I’m in a dicey situation, and I’m praying she changes her mind about coming. Just in case she isn’t, I guess I’ll have to start saving enough money between now and then to put her up in a local motel, which I should be able to do given the time frame. Then all I need to do is think of some reason why she can’t stay at my house (repairs? haven’t cleaned it?) She would like a motel better anyway with its pool, sterile rooms, flat screen TV, and a real bed. The fall is still a few months away but it will be hard for me to save the money because I’m trying to save enough money to go see my son in Florida in September. I think she might know this too, but she doesn’t care.

I’m feeling a little conflicted.

Concept image of a lost and confused signpost against a blue cloudy sky.

A few days ago I received a birthday card from my mother. The message inside was warmer and more loving than most of the cards she has sent me in recent years. Inside the card was a check.

I’ll be perfectly honest. I wasn’t expecting to get anything at all from her this year, because I know she found this blog and the things I’ve written about her haven’t been all that nice.

I haven’t actually spoken to my mother in three years. Though I never officially went “No Contact” with her, I just stopped calling her (or accepting her calls) because talking to her is very triggering for me. I always feel like a stupid little child in her presence–even on the phone (and I hate phones anyway). I always hang up feeling diminished as a human being. Her verbal abuse of me has always been somewhat subtle but it’s definitely there. I do still have contact with her via email and mail though. We send each other birthday and Christmas cards, but that’s about it. I don’t see any reason to stop doing those things.

I started this blog primarily to come to terms with and deal with my feelings about my psychopathic malignant narcissist ex after I finally got the courage to make him leave. But I couldn’t write about narcissism without thinking of the patterns in my life–especially my pattern of always being drawn to narcissists (and having them drawn to me) due to having been raised by a narcissistic mother and an enabling dad.

I haven’t posted much about my mother lately, partly because I know she probably reads this blog, but also because I’m having doubts about how malignant she actually was. She certainly was nowhere near as bad as my ex. A malignant narcissist or psychopath likes to see others suffer and deliberately hurts others for their own pleasure. My mother isn’t like that. There’s no doubt she’s very narcissistic and self involved–but she isn’t vindictive and doesn’t necessarily punish or deliberately hurt people who have crossed her. She usually just ignores them and acts like they no longer exist. I suppose that in itself could be a form of punishment though.

You may think she sent me the birthday card and gift as a form of Hoovering me back into the family or as a last ditch attempt to get narcissistic supply from me. I don’t think either is the case. I actually think my mother wants little to do with me at all. Of course that hurts, but I’ve grown used to it. I think things were like that long before I started this blog.

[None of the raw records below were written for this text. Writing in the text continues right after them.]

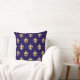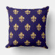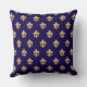 This blue and gold fleur de lis design pillow has small shapes on the backside and medium size shapes on the front side.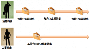 このように請求処理には、多様なパターンがあり、かつ、複数のパターンの組み合わせが発生する場合があります。例えば、電話料金の請求において、通話料金は毎月の定期請求ですが、回線の工事費は都度請求になるといったような場合が考えられます。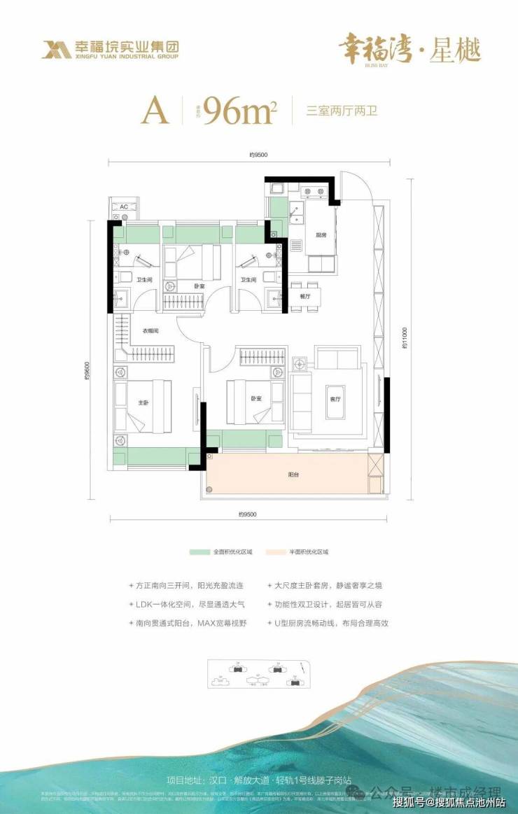 1、优化后空间使用率最高约97%;2、方正南向三开间;3、LDKB一体化空间;4、南向贯通式阳台;5、大尺度主卧套房;6、功能性双卫设计;7、U型厨房流畅动线。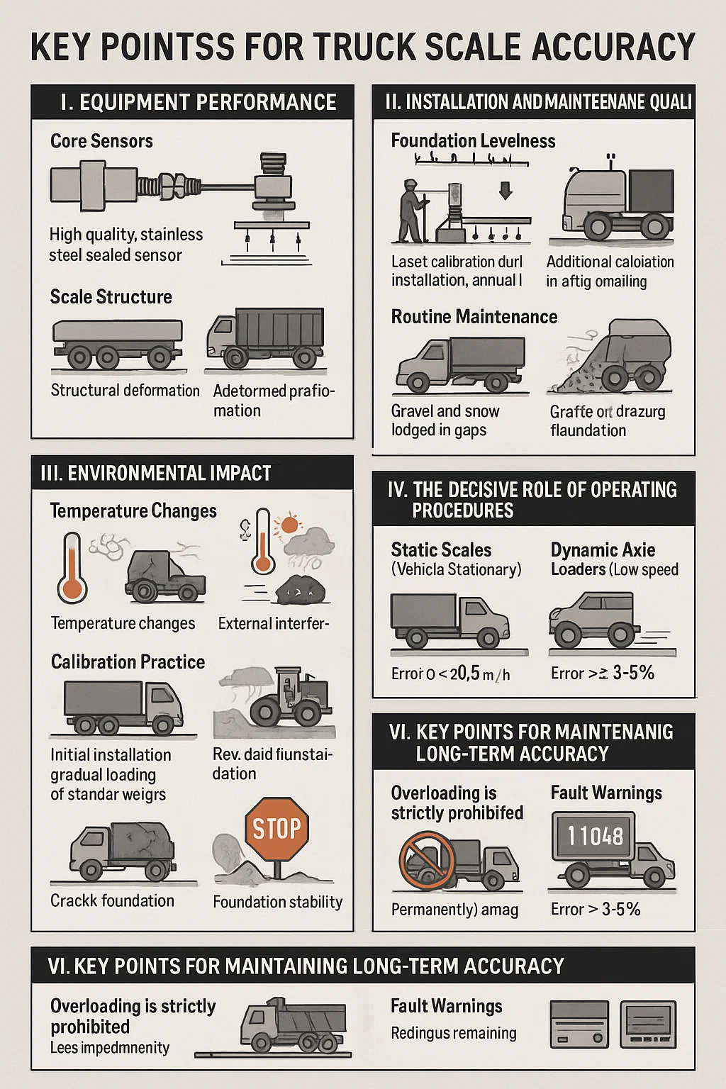 The accuracy of truck scale is affected by multiple factors, requiring a comprehensive assessment of equipment quality, environmental conditions, and operating procedures during actual use. Here are the key points:
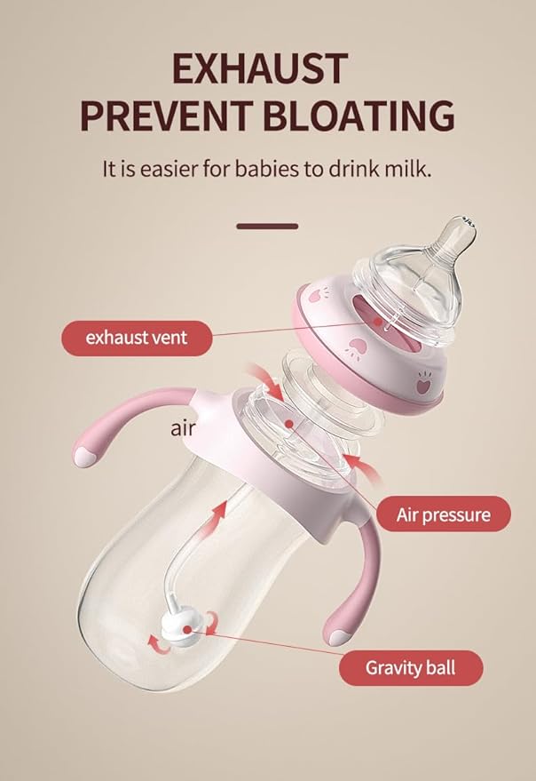 - Anti-Colic Baby Bottle — A vented valve on the nipple prevents your baby from swallowing air and helps to reduce colic, spit-up, and burping during feeding.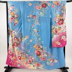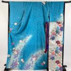 振袖 身丈170cm 裄丈68cm L 袷 袋帯フルセット 桜 地紋 箔 金彩 水色 正絹 秀品 中古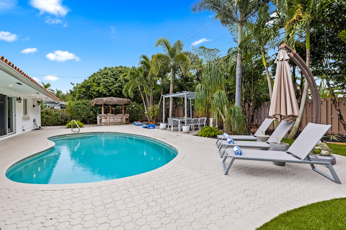 À seulement 5 minutes de la plage, notre villa moderne de 3 chambres sur Pine Ave offre l'escapade de vacances parfaite ! Profitez de votre séjour dans un espace extérieur privé avec piscine chauffée, sièges confortables et tout ce dont vous avez besoin pour vous détendre. Nous fournissons également du matériel de plage, afin que vous soyez prêt à aller sur le sable à tout moment. Situé à seulement 3 minutes du centre commercial Sea Ranch, avec Publix, First Watch, Dunkin', CVS, FedEx et plus encore. Envie de vous amuser et de profiter de la vie nocturne ? Commercial Blvd se trouve à seulement 10 minutes à pied ! PAS BESOIN DE VOITURE !
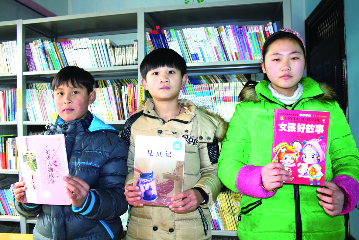 同学们向新闻官展示自己最爱的书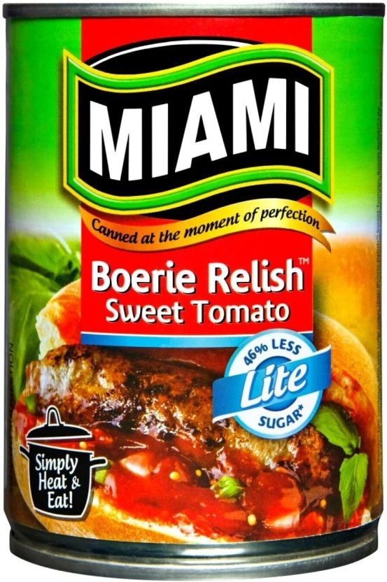 Bring the authentic taste of the braai right to your table! Miami's Sweet Tomato Boerie Relish is the perfect 450g jar of tangy-sweet tomato goodness, crafted specifically to elevate your boerewors rolls, burgers, and grilled meats with an irresistible homemade flavor.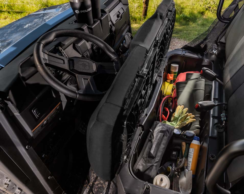 - Gas Assist Dump Box, Single Latch Tailgate, Rear-mounted Fiberglass Insulated Exhaust System, Standard In-dash SAE Charge Port, 575 CCA Battery, 660W Charging System (Stator), 20.25 Gal. Onboard Storage with Enclosed Dash Bins and Integrated Cell-phone Holder, Sealed Suspension Bushings and Wheel Bearings, Full Coverage Steel Front Bumper with Integrated Winch and Plow Mounts, Full Coverage Skid Plate, Premium Body Panels, Premium Cut & Sew Seats, Polaris Pulse Electrical System (3 position), Polaris HD 3,500 Lb. Synthetic Rope Winch with Autostop and In-Dash Switch, Premium Pro-Shield Cab, Doors with Crank Windows, Integrated Door Storage, Fixed Glass Windshield with Wiper and Washer Fluid, Rear Glass Panel, Factory Installed Heat with Defrost, Upper and Lower Dash Vents and Variable Fan Speed, USB Charging Port, Front Stabilizer Bar, Rear Wheel Liners, NorthStar Badging, Factory-installed cab system with doors with crank windows, integrated door storage, fixed glass windshield with wiper and washer fluid, rear glass panel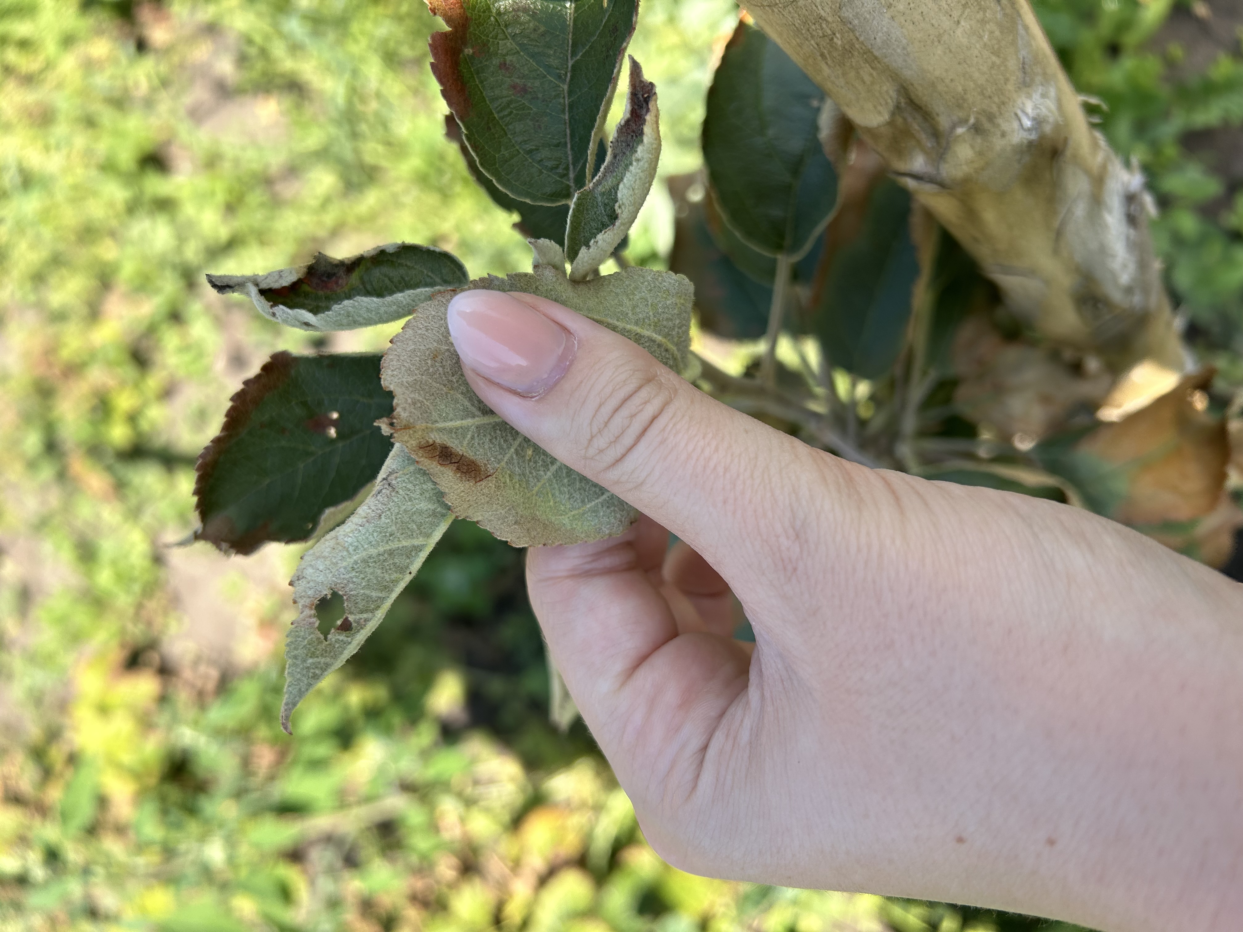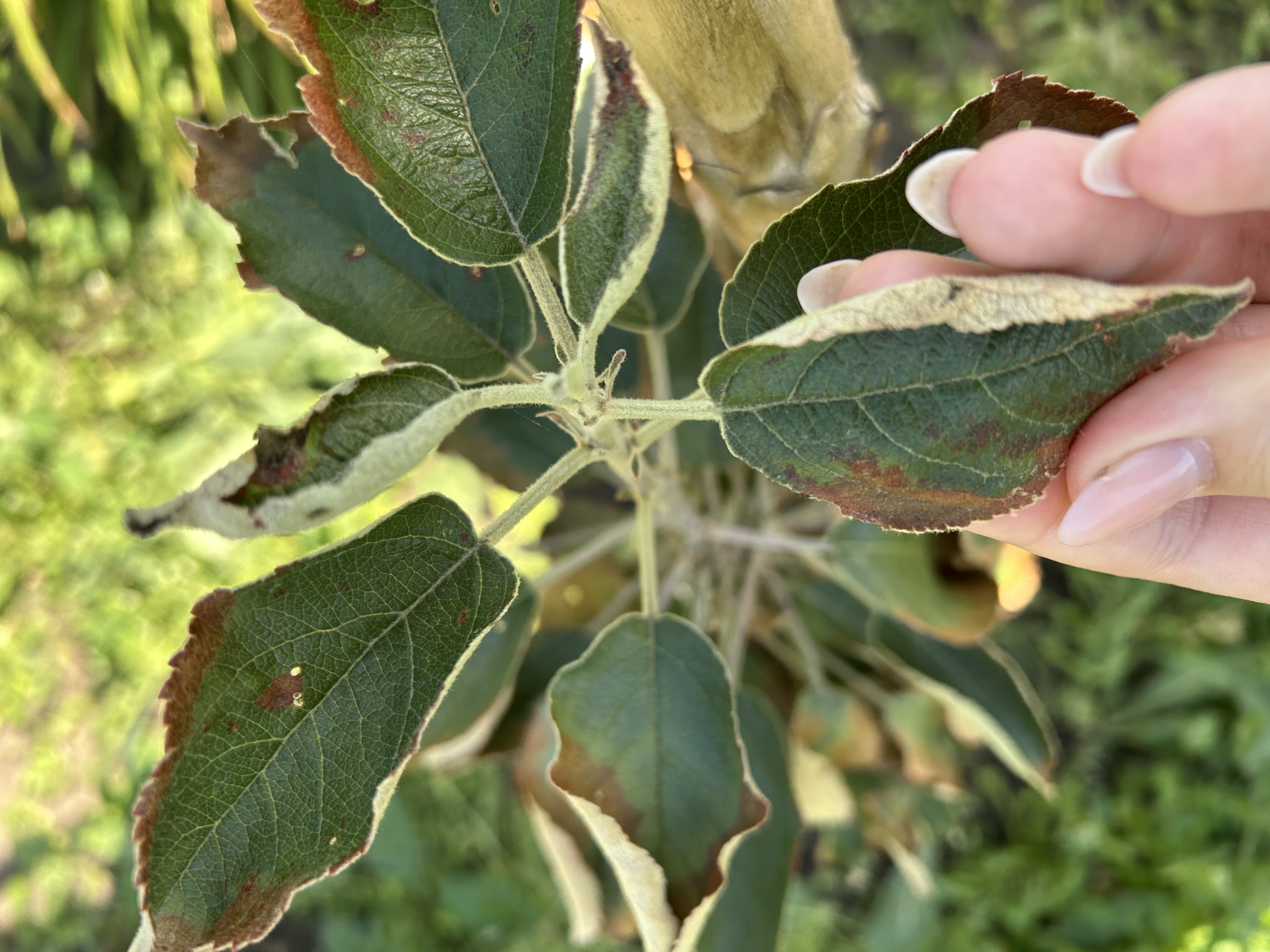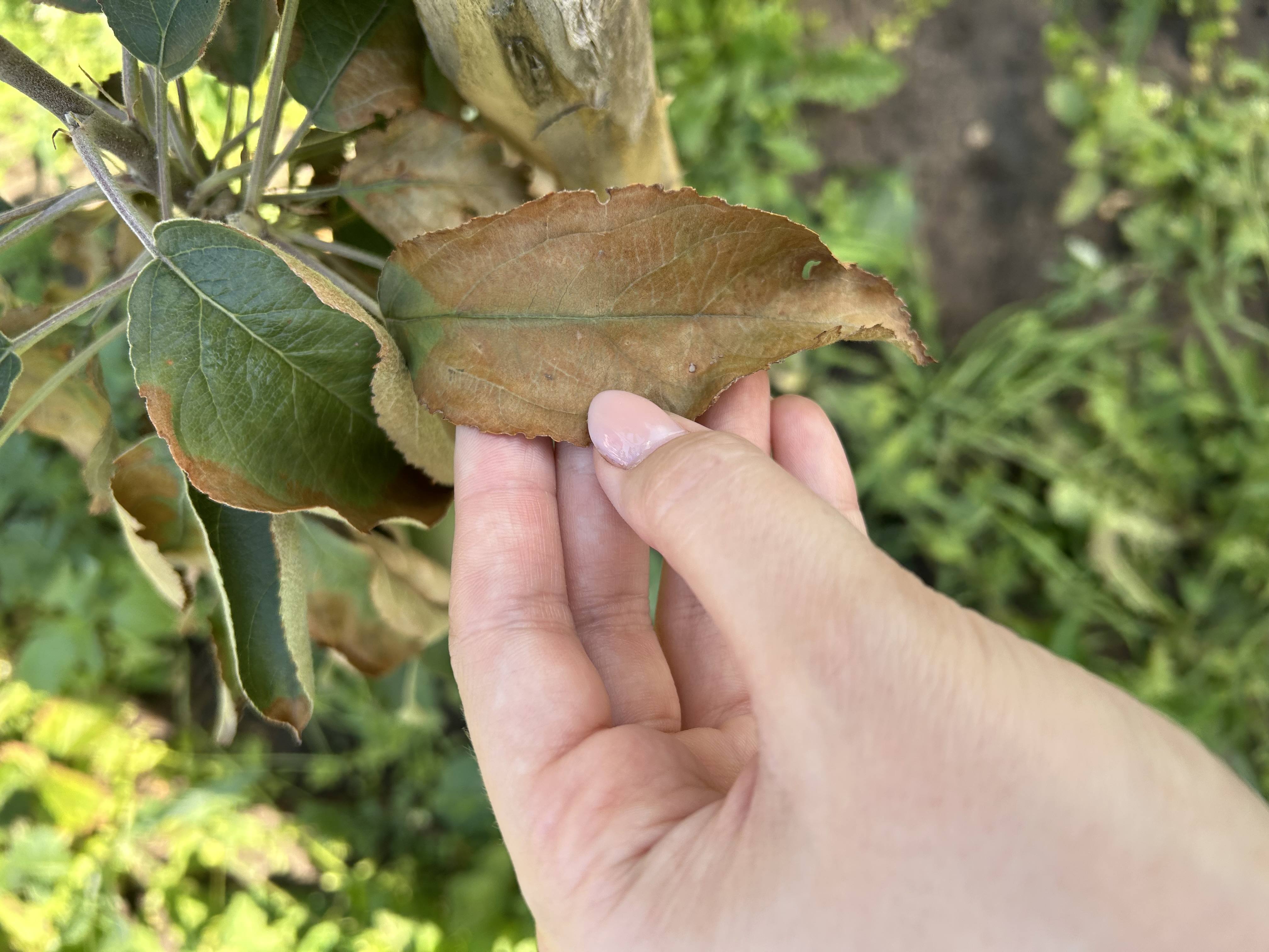 Здравствуйте. Здесь могла быть обработка по листу с каким-то средством и такая реакция ожога получилась. Края листьев становятся коричневыми и крошатся обычно из-за дефицита калия. Возможно есть и проблема полива. У колоновидных яблонь небольшая корневая система и поливать их нужно чаще обычных крупных деревьев.

A few years ago, she might have tried to coerce me into providing her with more narcissistic supply through love bombing, because I would actually provide it. But I haven’t given her any supply in three years, and she has other resources now (other family members). So I doubt she is actually trying to get anything from me.

It could be a way of keeping me off balance too, but something tells me that isn’t it. It just doesn’t seem like something she would do. She isn’t that smart or cunning.

So here is what I think. I think that she does have some rudimentary maternal love for me. Garden variety NPDs aren’t entirely incapable of love. It’s also possible she may have had her eyes opened in reading this blog, and knows she is narcissistic. She may realize she wasn’t a good parent, but as a narc, she isn’t going to be caught dead admitting it, especially to me. Maybe her gift to me and its warm birthday message was a sort of indirect admission of culpability. If so, she will most likely take that knowledge to the grave with her and I will never know.